TREX1’s Homodimer Structure Has Evolved for Double-Stranded DNA Degradation

The 3’ → 5’ exonuclease TREX1 functions in vivo to degrade DNA and prevent chronic immune activation through the cGAS-STING pathway. TREX1 has been described as a nonprocessive enzyme with little preference for ss-versus dsDNA, raising questions about its principle in vivo substrate. In addition, there has been minimal data rationalizing TREX1’s obligate homodimer structure. We used a combination of biochemical assays, molecular dynamics simulations, and robust kinetic modeling to determine TREX1’s relative affinities for ss-versus dsDNA substrates, to quantify its processivity, and to interrogate the possibility of inter-protomer communication within the TREX1 homodimer. Our findings indicate that TREX1 is a semi-processive exonuclease with a predicted several orders of magnitude greater affinity for dsDNA than ssDNA. Furthermore, we find extensively correlated dynamics between TREX1’s protomers that involve previously described and unrecognized substrate-adjacent regions of the TREX1 enzyme.

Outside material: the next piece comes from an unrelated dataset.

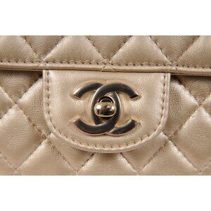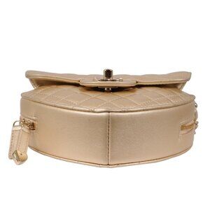 Chanel Womens Gold Metallic Lambskin Quilted CC Logo Large Heart Crossbody Bag

We infer that TREX1 has evolved as a semi-processive exonuclease that likely degrades dsDNA in vivo, and we propose that its homodimer structure facilitates a mechanism for efficient binding and catabolism of nicked dsDNA. Overall, these studies identify potentially critical regions of the TREX1 enzyme not previously interrogated and contribute to a still-emerging model of TREX1 exonuclease activity.